Onde essa que o ser humano é um fim em si mesmo, e nunca um meio para algo? Só se for nos compêndios humanistas! Pois em todo lado ele somente encontrava o ser humano como um meio, um instrumento, uma ferramenta! O que eram aqueles operários sujos junto às prensas hidráulicas? Fins em si mesmos? Não! Trabalhavam como apêndices das máquinas, nos ritmos das máquinas !, como engrenagens de carne e miolos, com olhares presos nos índices de produção, nos números e cotas a serem alcançados, nas exigências dos compradores, na ditadura dos lucros, dos quais conheceriam apenas algumas fracos e migalhas. E aquelas senhoras e mocinhas ali inclinadas, corcundas até, em suas máquinas de costuras, com olhos cativos no mover-se de agulhas e fios, o que eram além de ferramentas pra a produção de roupas, vestes com etiquetas para quem pudesse pagar? Roupas que elas mesmas certamente não poderiam comprar... E aqueles escriturários, concentrados contadores, exímios contabilistas, entre pilhas de balancetes e relatórios, perdidos entre diagnósticos e projeções, ousando um fio de Ariadne no labirinto das esferas produtivas, como se quisessem realmente ordenar o caos de pedidos de compradores, remessas de fornecedores, caprichos de clientes, ameaças de credores, incoerências entre entradas e saídas, inexatidão de saldos, acúmulo de promissórias, o fundo inseguro dos cheques, os parcelamentos dos cartões de crédito, a esperança dos crediários, rumo à um futuro de cifras e moedas crepitantes, sem pensarem que são homens, a não ser quando se agitam de desejos e sentem nos bolsos a ausência dos valores que manipulam. Desde quando são “um fim em si mesmos”? Não passam de um meio para a reprodução do capital!
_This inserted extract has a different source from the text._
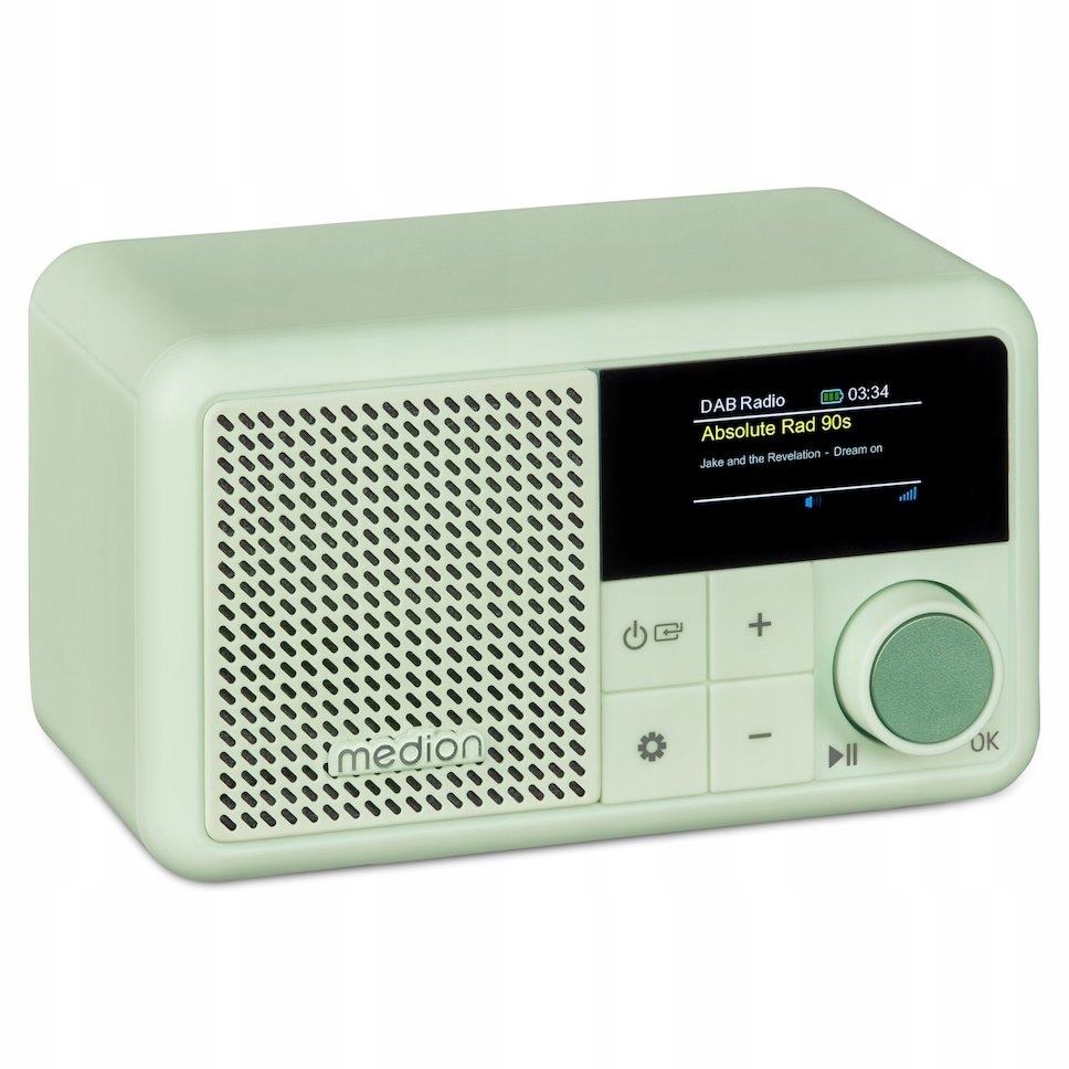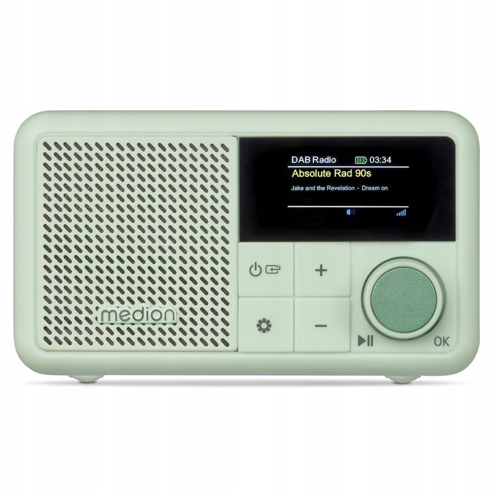 Радіо Медіон S66822 DAB+ полегшить ваше повсякденне життя! Ви можете вибрати між DAB+ та FM - просто збережіть улюблені станції та насолоджуйтесь широким спектром програм. Якщо ви віддаєте перевагу слухати власний список відтворення, швидко підключіть смартфон або планшет через Bluetooth. 1.4 -дюймовий колір кольору означає, що ви ніколи не втратите контроль над тим, що відбувається. Завдяки дуже компактному дизайну радіо ідеально вписується в будь -який стіл і навіть на полиці. Завдяки захисту від бризки, IPX1 ідеально підходить для кухні, ванної кімнати чи подорожей. T AM, завдяки побудованому акумулятору з робочим часом до 6,5 годин, не буде вивантажено так швидко, , що робить їх ідеальним супутником - будь то сніданок, чи в дорозі.

Encontramos HD concentrado nas aulas de Sociologia (isto quando não atento aos sorrisos, aos pés deliciosos de Naína), preocupado com a gênese do liberalismo, imaginando o mundo de trezentos anos atrás, aqueles camponeses, com suas famílias expulsas de suas terras, que eram então cercadas para serem entregues aos rebanhos em imensas pastagens. E nada de nova Arcádia. O lucro é que exigia.
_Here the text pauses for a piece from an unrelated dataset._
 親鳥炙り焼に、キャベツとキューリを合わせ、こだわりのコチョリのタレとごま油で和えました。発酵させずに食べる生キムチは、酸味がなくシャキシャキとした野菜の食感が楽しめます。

Famílias inteiras que se amontoavam em cidades, prontos a se tornarem mão-de-obra barata e sem qualquer outra opção além de venderem a própria força de trabalho, mas jamais saindo da miséria, vendo as filhas agora prostitutas, suas crianças em trabalhos nas máquinas, sujas de graxa, ou pior, seus dedinhos amputados em engrenagens.

Sim, todo o pó de carvão acumulado nos pulmões, a pele ressequida, os cortiços imundos, as levas de imigrantes em navios fétidos, como o Titanic, com os pobres confinados aos porões, enquanto a primeira classe se degladia pela posse dos poucos botes, indiferentes aos gritos enquanto as águas gélidas invadiam.

Imigrantes para o Novo Mundo, “fazer a América”, roupas em trapos, dependentes dos serviços de imigração, dormindo em bancos de estações, ou sobre as próprias bagagens, tudo para depois serem explorados nas lavouras de café, ou nas indústrias têxteis.

E todo aquele papo de liberalismo e liberdade? Liberdade para o lobo faminto apascentar o rebanho!

Só mesmo a beleza morena de Naína para aliviar o seu desespero.

Humanos desumanizados pela máquina. Matrix. O filme que HD assistira, ao lado de Flávio (que o convidara enfim) e Stella. O futuro administrador delirava com a filosofia dos diálogos, a namorada estremecia a cada efeito-especial, e HD tentava diferir a mensagem sob as cenas frenéticas. Discursa mentalmente sobre a agressividade reprimida eu atrai os jovens para tais sessões de violência surrealista, descarregada em explosões e massacres high-tech. Simbolizam no vídeo a luta social, a competição pela sobrevivência. A fúria diante da máquina é o furor diante da civilização opressora, do sistema mercenário. Então nos sentemos em nossas cavernas acolchoadas para as explosivas sessões de ‘fúria digital’!

O dito liberalismo pregou a liberdade social do indivíduo, mas na verdade, servimos a um capital financeiro sem controle, sem objetivo, inumano, tal uma máquina! Não mais somos soberanos, somos fantoches! O capital reproduz a si mesmo, e foge ao controle. E realmente (aproveitemos a metáfora cinematográfica) servimos tal uma pilha elétrica a um automatismo econômico, ao qual Adam Smith dizia que devíamos nos submeter, a essa mão invisível (e pesada) do Mercado!

- Bem-vindos a era da desumanização!

É claro que Naína ria daqueles desabafos, e o professor continua, até sarcástico. Aparecia com aqueles volumes de Max Weber, Peter Berger, Noam Chomsky e outras figuras, achando-se o máximo e declarando que ‘os atores sociais’ se comportam segundo padrões, que ‘os atores sociais’ não passavam de encenações de papeies, que ‘os atores sociais’ isso e aquilo, como se todos fossemos uns grandíssimos palhaços!

- “Atores sociais”! Outro rótulo!

O professor se mostrava compreensivo, disposto a ouvi-lo.

Rótulo ridículo! Para o Estado, sou um Cidadão, para a filosofia, sou um Sujeito Cognoscente, para o programador de rádio, sou o Ouvinte, para o de TV, o Telespectador. E também: para o mercado, sou o Consumidor, para o dono da mercearia, sou o freguês, para o policial, sou o Elemento (geralmente suspeito). Quando eu serei uma pessoa, a viver sem rótulo, sem etiqueta?

O professor até concordava. – Somos Homo Sapiens, Homo Ludus ou Homo Economicus?

Depois indicava uma lista de livros do Habermas, com suas análises das ilusões do marxismo, numa teoria social crítica, em referencias a um proletariado “fortemente aburguesado” (sic), sem possibilidade do “sujeito revolucionário”.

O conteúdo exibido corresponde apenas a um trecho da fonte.